Collection entries
········
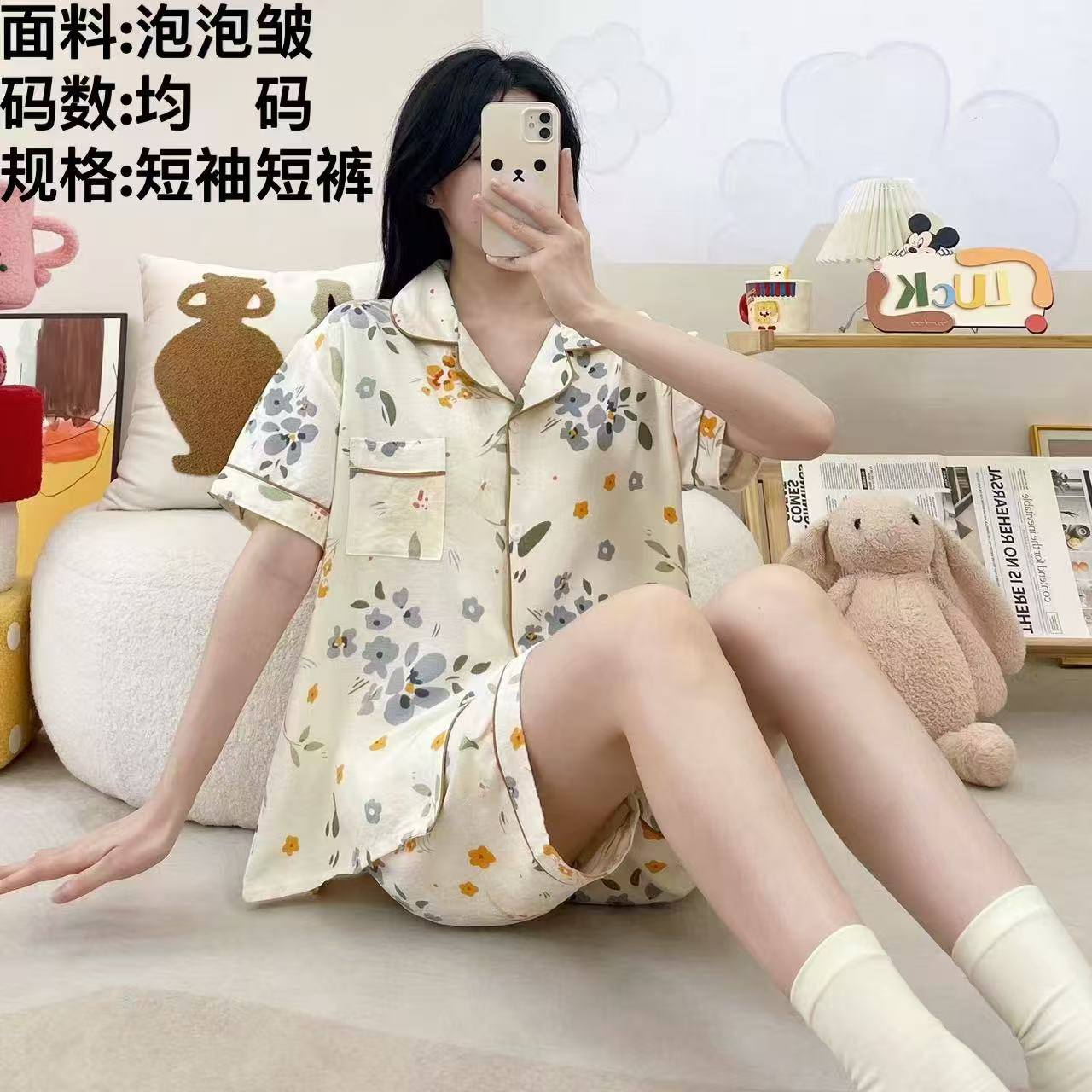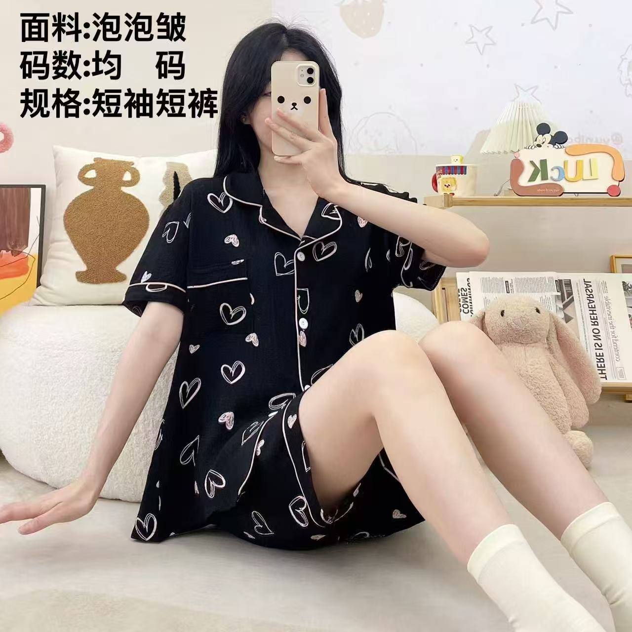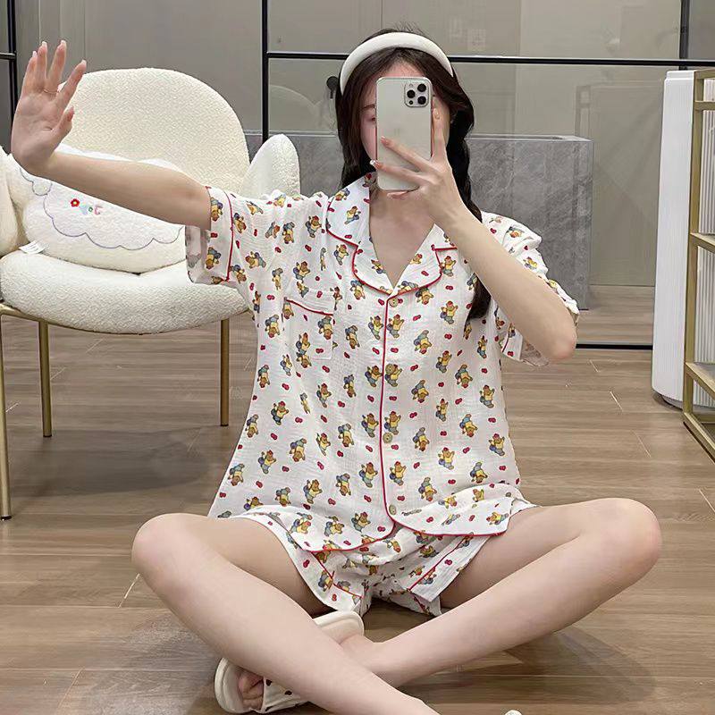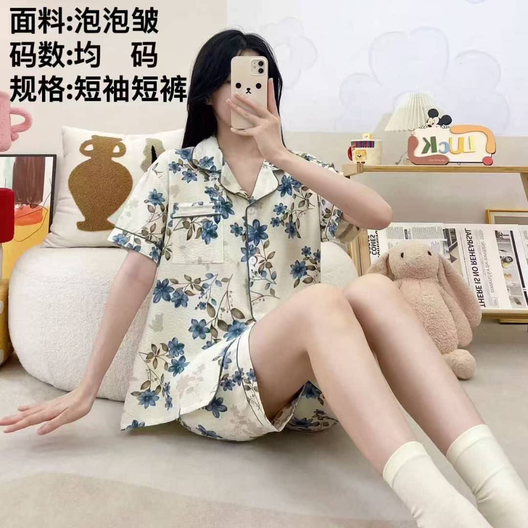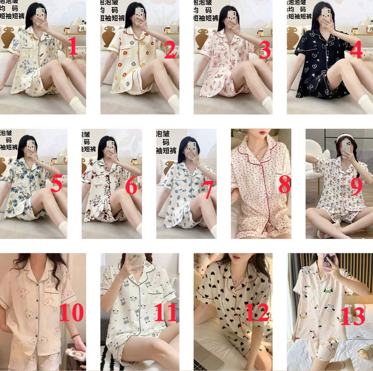 ست دوتیکه بلوز و شورتک نخی وارداتی در طرح های متنوع ۲۹۰۱
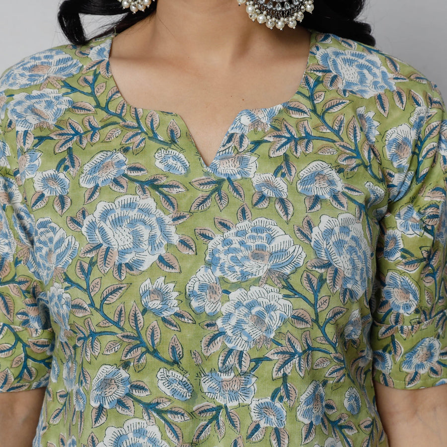 Look and feel beautiful in this uniquely designed sanganeri block printed cotton long kurti with one side pocket. This cotton kurti makes you comfortable with ease all day long. Sanganeri is a hand-block printing technique originating from Sanganer, a village in the southern part of Jaipur, Rajasthan. Bleed free VAT dyes used.
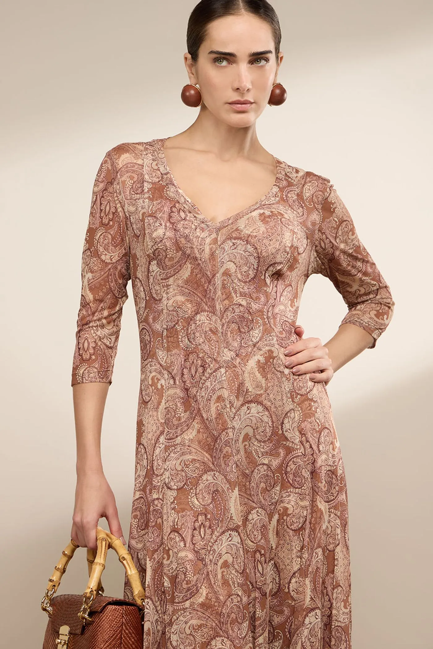 Vestido máxi mídi em tule com estampa cashmere, fluido e sofisticado, com combinete para cobertura elegante.
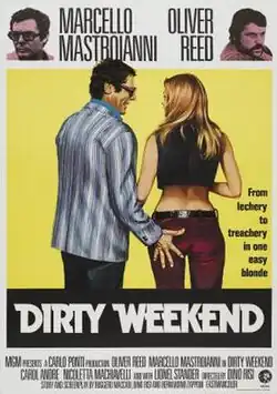 Dirty Weekend (Italian: Mordi e fuggi) is a 1973 Italian comedy film directed by Dino Risi.[5] Described by Roberto Curti as a road movie and crime film, Dirty Weekend addresses the topic of terrorism and violence.[1]
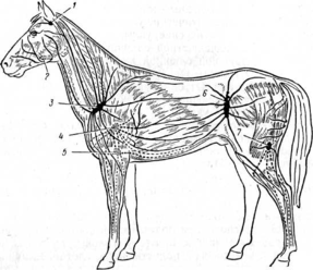 Рис. 4. Поверхностные лимфатические узлы лошади (из Koch, 1965):
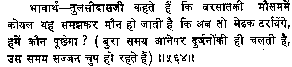 ![]() | ![]() | 10. In this kaliyuga all persons discuss about the knowledge of spirit. These very same persons then kill their Guru for a single paisa. Then they say 'Who kills?' 'Who is Killed?' 'The spirit is eternal'. |
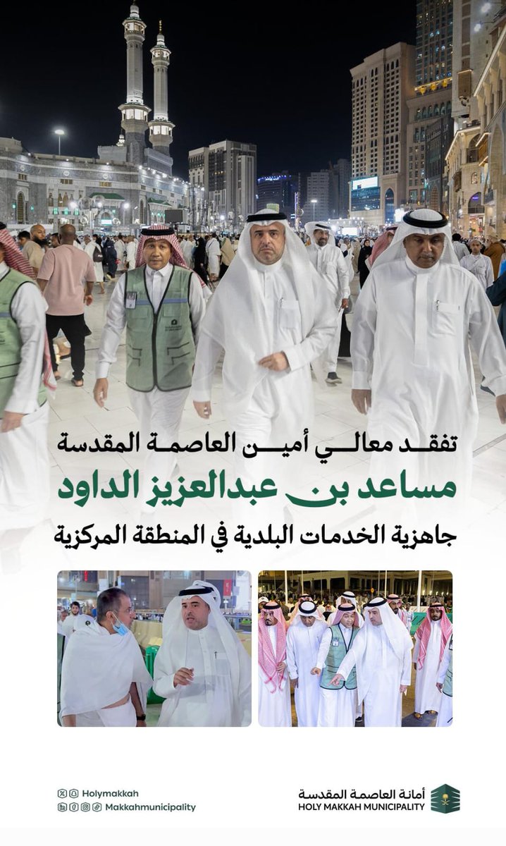 تفقد معالي أمين العاصمة المقدسة، مساعد بن عبدالعزيز الداود، اليوم برفقة عدد من المسؤولين في الأمانة المنطقة المركزية حول المسجد الحرام، لمتابعة سير العمل في المشاريع الحيوية والتأكد من تنفيذ الخطط التطويرية الهادفة إلى تحسين الخدمات المقدمة للزوار والمعتمرين والسكان، خلال موسم رمضان 1446هـ.
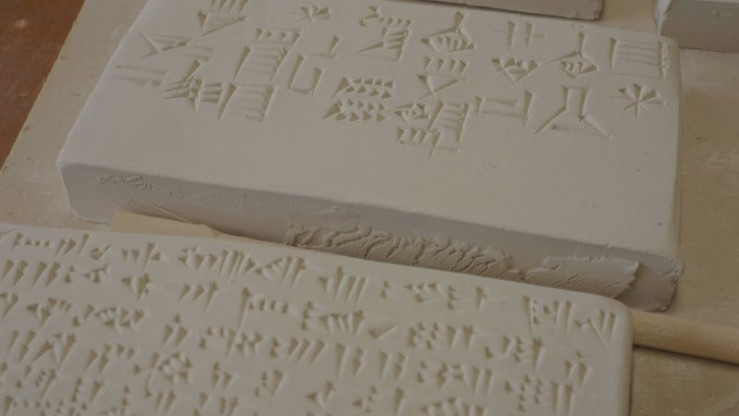 Some modern day examples of how clay cuneiform slabs were produced. As made by our contributor Lara Bampfield. (Windfall Films/Freya Williams)
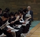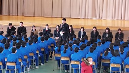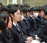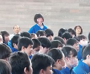 自己紹介に続き、高校を選んだ理由や高校生活を楽しく充実したものにするために必要なこと、中学生のうちに気をつけておきたいことなど、3名の代表者が、自分の体験とアドバイスを発表しました。その後、中学生の質問に答える形で会が進行し、進路を考える上でとても有意義な機会となりました。先輩の話はとてもわかりやすく核心を突いており、立ち会った教職員は一様に3年間の成長ぶりに目を見張っていました。これから進学や就職とそれぞれの道に歩みを進めます。今後の活躍もまた楽しみにしています。
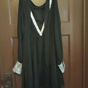 Beautiful black dress with silver neck open long sleeve with gold bottom on sleeves, open back, used ones great condition
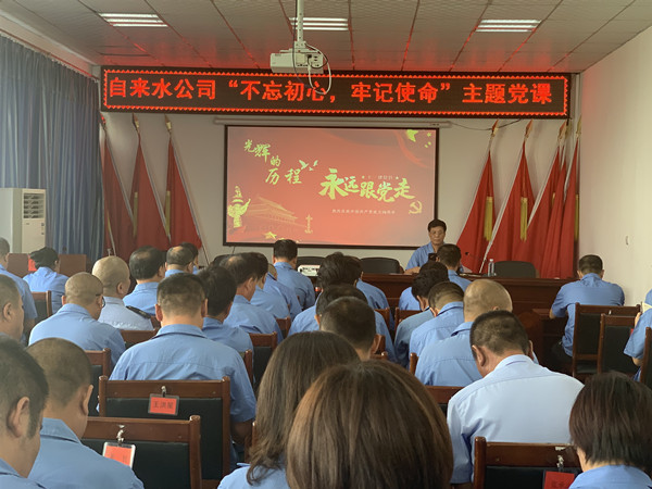 8月1日下午,市自來水公司黨委書記張旭濱以“不忘初心,牢記使命”為主題,為公司黨員干部上了一堂生動黨課,公司基層正職上干部、各黨支部委員、小組長及機關黨員80余人參加了學習。
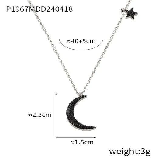 Rose Gold Star & Moon Rhinestone Pendant Necklace
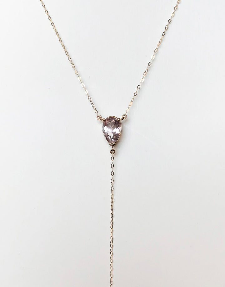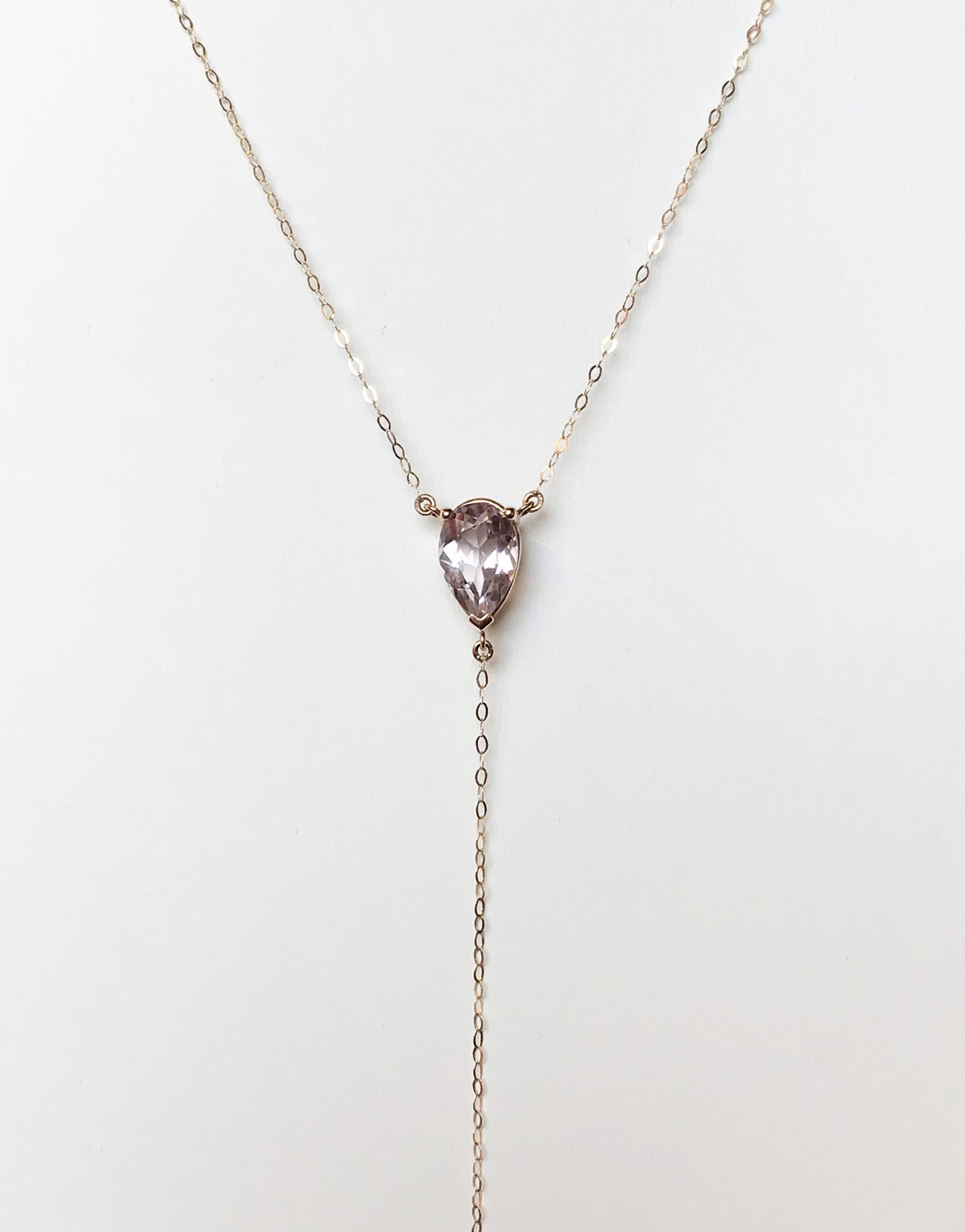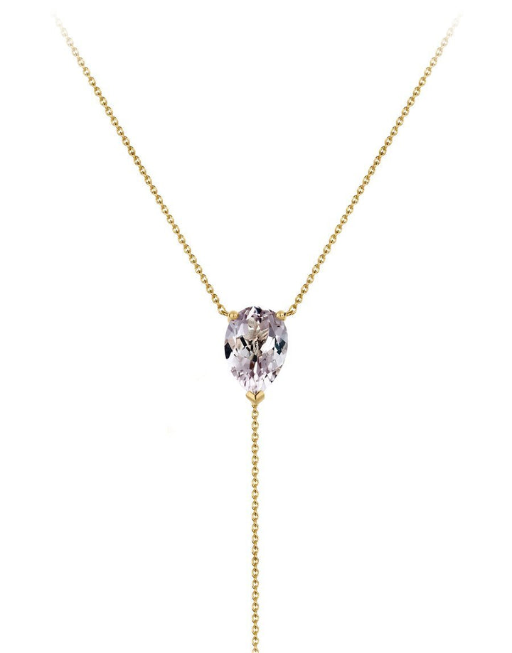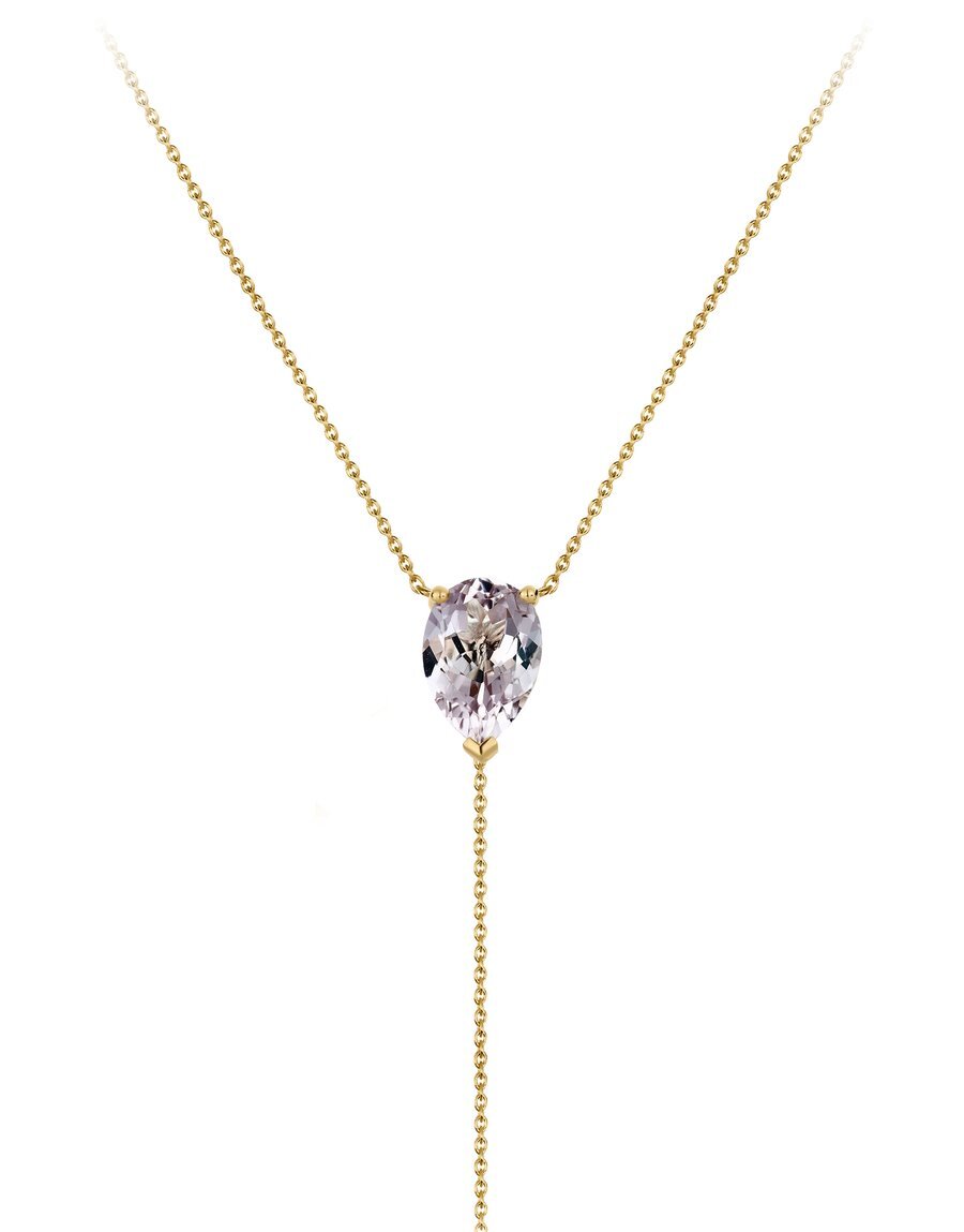 9k yellow gold with a pale pink-purple pear-shaped amethyst stone, 2.98 cts.Dimensions: Adjustable chain length: from 40 to 45cm. Drop of pendant and hanging chain: 25cm.
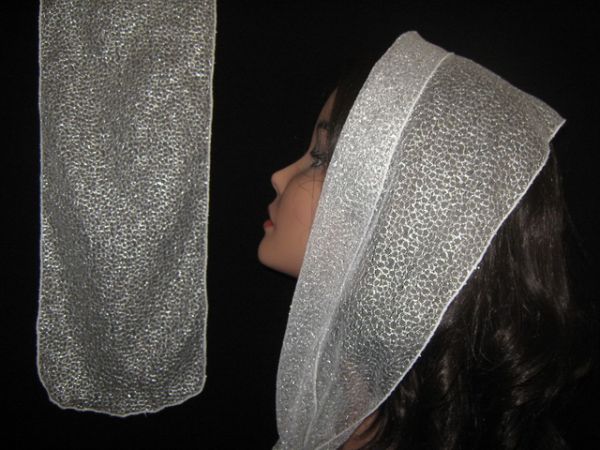 | Белый фатиновый шарф с вышитым серебристым узором и белым ровным ободком |
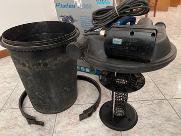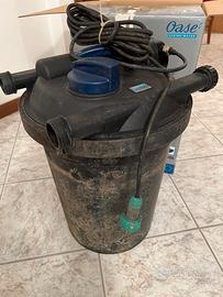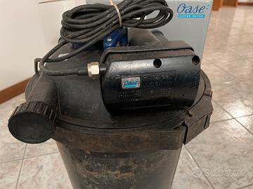 Filtro a pressione per laghetti fino a 11.000 litri, dotato di lampada UVC. Usato ma perfettamente integro e funzionante. Mancano le spugne filtranti (me le ha fatte a pezzi il cane) che si possono trovare senza problemi come ricambi su internet.
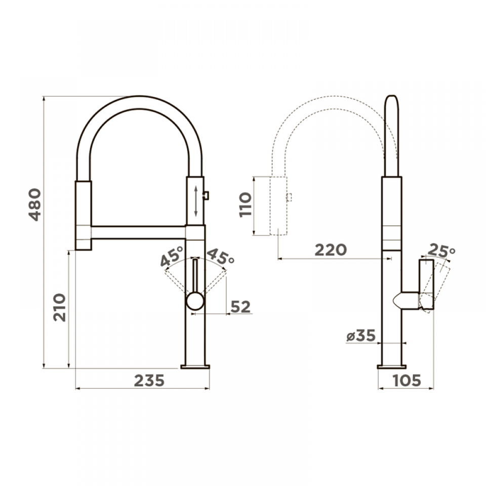 • Длина высокого поворотного излива увеличивается по желанию за счёт шланга на магните.
········
- TO DO
The copy should hold exactly the lines above from the one with "Рис. 4. Поверхностные" through the one with "Some modern day", both ends counted, and no pictures at all.

- SOLUTION
 Рис. 4. Поверхностные лимфатические узлы лошади (из Koch, 1965):
 ![]() | ![]() | 10. In this kaliyuga all persons discuss about the knowledge of spirit. These very same persons then kill their Guru for a single paisa. Then they say 'Who kills?' 'Who is Killed?' 'The spirit is eternal'. |
 تفقد معالي أمين العاصمة المقدسة، مساعد بن عبدالعزيز الداود، اليوم برفقة عدد من المسؤولين في الأمانة المنطقة المركزية حول المسجد الحرام، لمتابعة سير العمل في المشاريع الحيوية والتأكد من تنفيذ الخطط التطويرية الهادفة إلى تحسين الخدمات المقدمة للزوار والمعتمرين والسكان، خلال موسم رمضان 1446هـ.
 Some modern day examples of how clay cuneiform slabs were produced. As made by our contributor Lara Bampfield. (Windfall Films/Freya Williams)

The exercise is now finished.